Optimize landing pages for paid search advertising

Contributors

@james-hebdon


Business Benefits

Improve quality score, user experience and conversion rates.


Within Google Ads, or your advertising platform of choice, navigate to the ad group that contains the landing page you want to review.

You can also review landing page performance directly from the Landing page tab, but it’s best to review the landing page within the context of each specific ad group from which it’s serving, rather than at an aggregate level.

Using this approach, you may end up optimizing a single landing page by creating several separate variants.

Navigate to the keyword list in the ad group, and note whether your landing page headline matches the theme of the keywords. If it doesn’t, you’ll need to create a new variant of the page to make optimizations specific to the theme of the ad group.
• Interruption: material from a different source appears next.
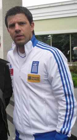 Fyssas kao član stručnog stožera grčke nogometne reprezentacije u 2012. | ||

The keywords in an ad group should all be similarly-themed. If there’s no theme, your landing page optimizations won’t drive consistent results. Consider optimizing your account structure in addition to your landing page.

In your keyword data table, select the columns icon. Add columns for Quality Score and Landing page exp. and click Apply.

Note which keywords show a Landing page experience of Below average. This is an indication that optimizations are needed.

It’s possible for very similar, or even identical keywords to have different Landing page experiences. Quality score is not an exact science. Use it as a guide to catch opportunities for improvement you might have missed.

Improve your site speed, particularly on mobile. This impacts your Landing page experience and quality score, and can improve user experience.

You can use tools like Think with Google to test your site speed and follow the recommendations on how to optimize your site speed on mobile.

Improve a poor Landing Page experience by making the page more relevant to the keyword. At a minimum, include the keyword in the headline and the URL, if possible.

The headline should make it immediately clear that the page will answer the intent of the search. This is also known as message match.

Review the ad group’s search term data in Keywords > Search terms, to see what people are typing into Google before they land on your page.

If there’s a disconnect between what the page is about and the top search terms, improve the likelihood of a conversion by either tightening your keywords, or updating your landing page to reflect what your visitors are searching for.

Within your ad group, review your ads and extensions for CTR and conversion rate.

Is your landing page delivering on the expectations, promises, and calls to action set by your ads? If not, either update your landing page so it better matches the messages that most resonate with your audience, or update your ads to set more accurate expectations of what your visitor will get after the ad click.

Do some basic competitive research by conducting a Google search using one of your search terms. Review the landing pages of competing ads and top listings.

Is your offer competitive and attractive to your target audience? Note where your landing page falls short, and how you can improve it.

Even if your ad wins the click, it’s very likely that your visitor is clicking other ads and links, and comparing your offer against others. It’s not enough for your ad to be competitive, your landing page needs to be competitive too!

Give people reasons to take action. Message match alone doesn’t motivate people to convert.

The landing page should answer their questions, put their worries to rest, and give them a clear picture of how things will be better if they say yes to the offer.